The original web site design - even broken and incomplete - is a copyrightable work. Copyright is automatically with the actual author unless he has traded that right away in his contract - for instance: as a "work for hire".
If the author traded it to his consulting firm, then the consulting firm holds the copyright, unless THEY traded it in turn to the customer.
If the web designer/design house wrote the contract, you can bet that they kept all the rights except the right to use exactly the code they provided, unmodified. Assuming this is true, if the site wants upgrades, or even completion, they would have to go to the original firm.
It's like dealing with professional photographers. You own the prints, they own the negatives. Want more prints? Buy 'em from the photog. Don't copy 'em at the photo shop or you're in deep doo-doo. (If somebody else wants to use 'em he needs to buy 'em from the photog AND get permission from those photographed to use their image.)
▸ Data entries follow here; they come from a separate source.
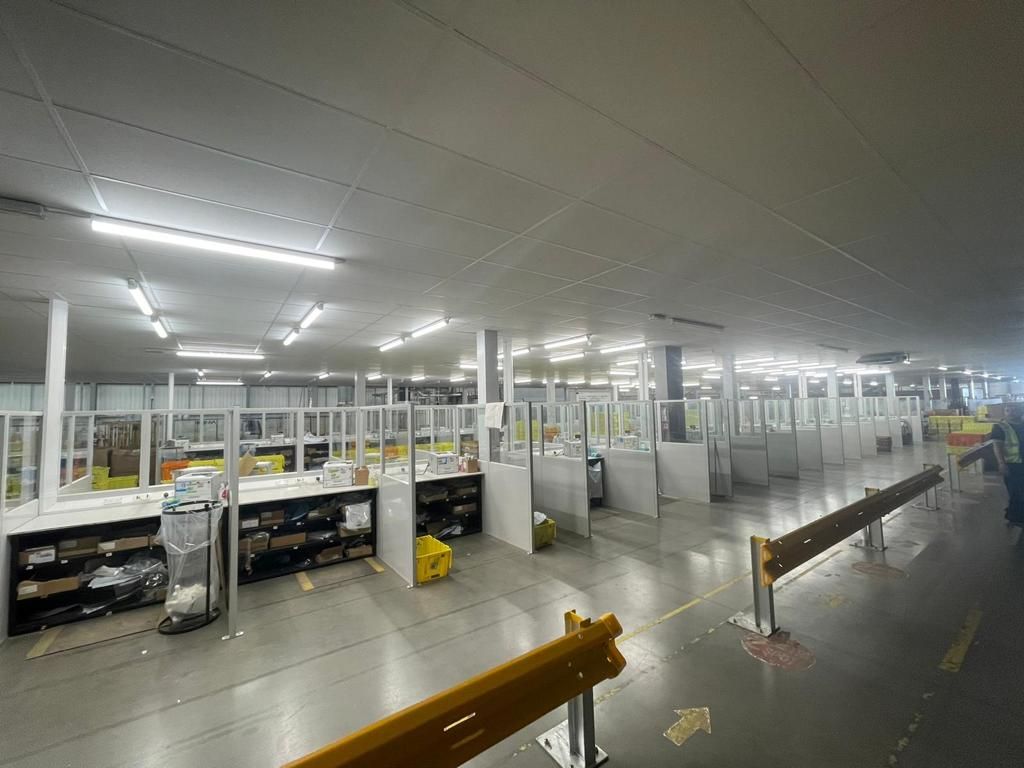 The laminated glass screen enables communication between office colleagues and can easily be cleaned.
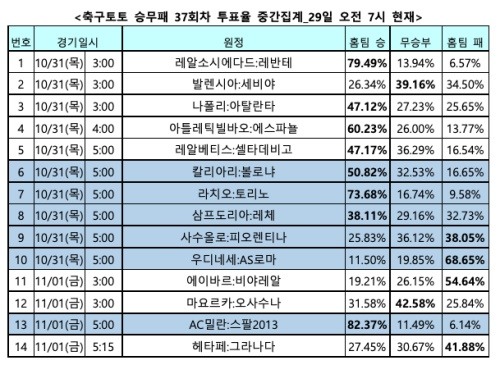 라리가 및 세리에A 14경기 대상 축구토토 승무패 37회차 투표율 중간집계 결과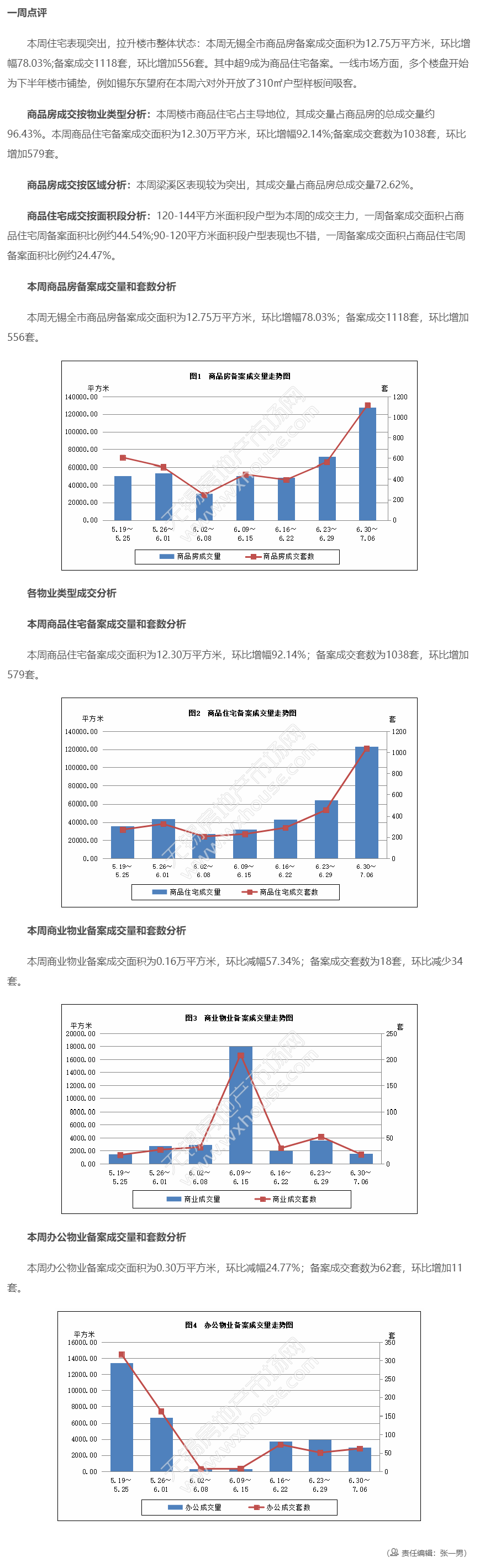 6.30~7.06無錫商品房一周備案成交12.75萬平方米 |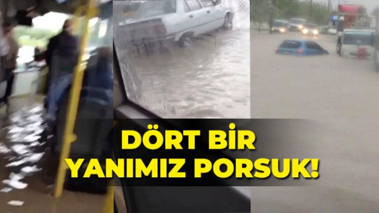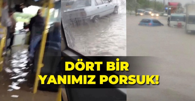 Otobüsler de sular altında kaldı, çok sayıda araç yollarda mahsur kaldı.

Still assuming the speculation about the web design house writing the contract is correct: If the customer hired you to fix it, and you didn't redo it from scratch with a different "look and feel", you made a derivitave work. So you and/or the customer are infringing. Whether you personally are infringing separately or acting for the customer is an open issue. But if the only lawyers in this debate are the web designer's and the customer's, and you're named in the suit, you can bet you're about to spin in the wind.
GET YOUR OWN LAWYER! NOW!
Caveat: IANAL. So get your own lawyer and ask HIM!
Bantam Dominique roosters crow a four-note song. Once you've heard it as "Happy BIRTHday" you can't NOT hear it that way
Notwithstanding speculations to the contrary posted in these letters, HTML code will be protected by copyright to the extent that it constitutes original expression fixed in tangible media.
The code will be owned by the individual or individuals who performed the fixation, unless it is a work made for hire. A WMFH can occur only in the case where: (1) it is performed by a geniune employee within the scope of employment; or (2) it is a particular class of work performeed subject to a written document expressly stating that it would be work made for hire.
YES, HTML and related code can be protected. The issue is not whether there can be protection, but rather, what is the scope of that protection. This is, notwithstanding what I have seen posted here to the contrary, a complex question that can turn either way depending upon a host of particular facts.
You should not consider relying upon anything posted here (including the preceding remarks), but should rely instead upon the advice of competent counsel who has considered these issues on your behalf. Anyone who insists that it is "obvious" how these issues will turn without further information is either ill-informed or is furthering an agenda unrelated to your best wishes.